But as I've continued to ponder my relationship with this pose and what it represents, I've come to understand something much larger: what if backbends are evolutionary medicine for a species that has forgotten how to keep its heart open?


The Symbolism of the Body

The back of our body represents the past, and the front represents the present and future. When we're constantly hunched forward - shoulders rounded, chest caved in - we're not just creating poor posture. We're symbolically closing off our openness to what's possible now, to what has yet to be written.


We're amplifying our past while dimming our capacity for the present and future.


Consider this: Is our collective obsession with nostalgia, our heightened desire to "go back", connected to the majority of us spending our time physically collapsed forward? Are we weakening our openness to the present and future by literally closing off our hearts?


When we move into backbends, we're quite literally reopening what we've been protecting. We're beaming our heart center outward - toward source, toward others, toward love itself.


The heart center is the bridge.


The Science of the Heart

At a Tony Robbins seminar last year, I learned something that connected deeply with my yoga practice: we create our own energy. We can shift our state in minutes by changing our physiology, our breath, our focus.


In yoga, this capacity is called prana shakti, directing the life force through the breath. The first thing we do at birth is inhale. The last thing we do when we depart is exhale. Breath is our bridge between worlds.


But here's what fascinates me: scientifically, the heart is the body's most potent energy generator. It's an electromagnetic field 5,000 times stronger electrically than our brain and 100 times stronger magnetically. It continuously broadcasts our emotional state into the field around us.


The heart isn't just a pump. It's the bridge between intention and embodiment. It's the generator of the human energy field.


That's why we have phrases like "follow your heart." This is why heart coherence practices - whether through rapid-state change techniques or slower, deeper practices within yoga - transform not just how we feel, but how we show up in the world.


The Timeline of Transformation

It took me five years to fully express camel pose, and this timeline matters.


Backbends unlock with stored grief softens.
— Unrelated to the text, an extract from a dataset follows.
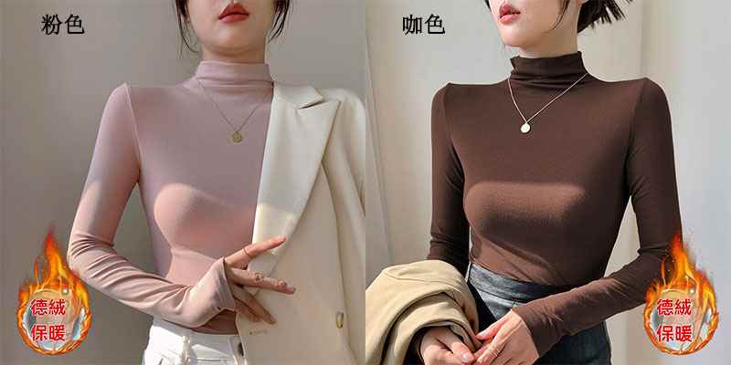 顯瘦百搭保暖純色德絨長袖上衣【買一送二】白色+咖啡色+粉色各一件(到手三件,每件333元!)

When old protections loosen. When identity evolves. When the nervous system becomes safe enough. When the heart is ready to receive. When self-trust matures.


The root chakra grounds. The sacral flows. The solar plexus ignites. The throat expresses. The third eye perceives. The crown receives.
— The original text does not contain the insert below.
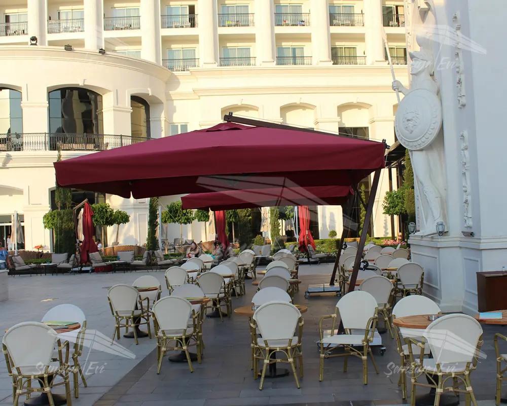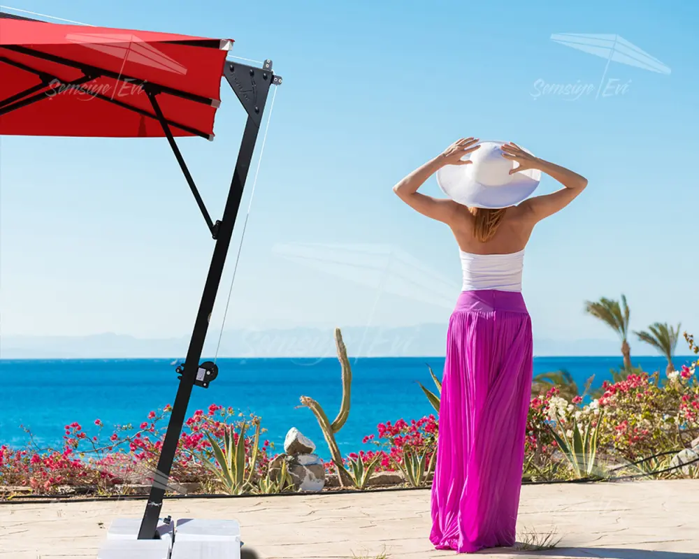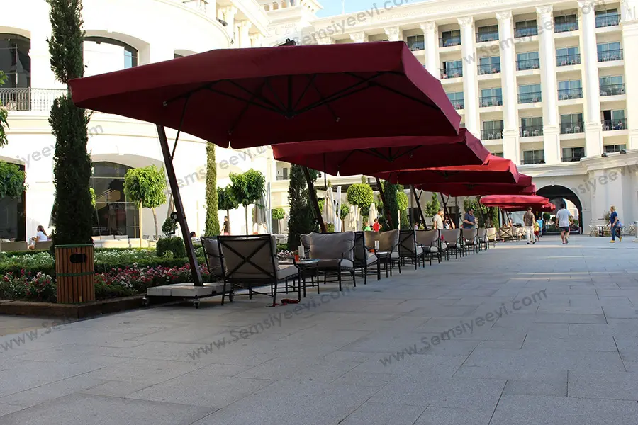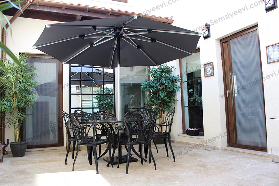 Tabi ki de ortak olarak bahçe şemsiyesi diye adlandırılmış olsalar bile aslında büyük boy şemsiyelerimizi evinizin terası veya balkonunda da gönül rahatlığıyla kullanabilirsiniz.

But the heart, the heart expands.

And expansion takes time.


When the chest opens physically, the heart opens energetically, and the psyche opens emotionally. It isn't a metaphor; it's how transformation actually works in the body. We cannot think our way into an open heart. We have to practice our way there.


The Awakened Heart Across Traditions

The first time I encountered Jesus was during a yoga flow. I was deep in practice, heart expanding, when suddenly, I felt his presence - not as doctrine, but as pure, radiant love.
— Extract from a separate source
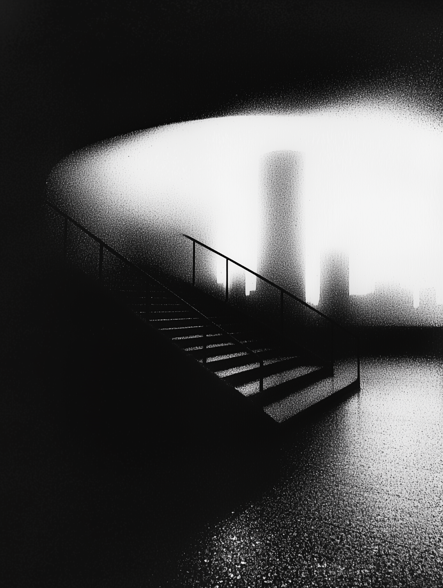 Monochrome image of a staircase with city skyline silhouette, dramatic light and shadow contrast, and textured floor reflections.

I have come to understand why so many traditions speak of the heart as the doorway to the divine.


But as powerful as that experience was, my spiritual life has never belonged to a single lineage. That moment with Jesus was not the beginning of a conversion - it was a reintroduction. A reminder that the awakened heart, the courageous heart, the compassionate heart, wears many faces.


Over the years, on that mat and in meditation, I've felt this same heart through other archetypes - as if they were all facets of the same diamond, shining at different angles depending on what my soul needed.


The gentle mercy of Kuan Yin, who teaches that compassion can be a form of strength. The deep devotion of Mary Magdalene, who embodies love that is both tender and fierce. The quiet, steady grace of Mother Mary, the archetype of unconditional nurturing. The radiant serenity of the Buddha, whose heart-mind reflects a stillness that liberates suffering. The fierce, protective love of Isis, who restores what has been broken. The joyful, resonant heart of Hathor, who reminds us that pleasure and harmony are sacred. The creative flame of Brigid, whose warmth ignites truth and inspiration.


Different cultures. Different mythologies. Different wisdom traditions.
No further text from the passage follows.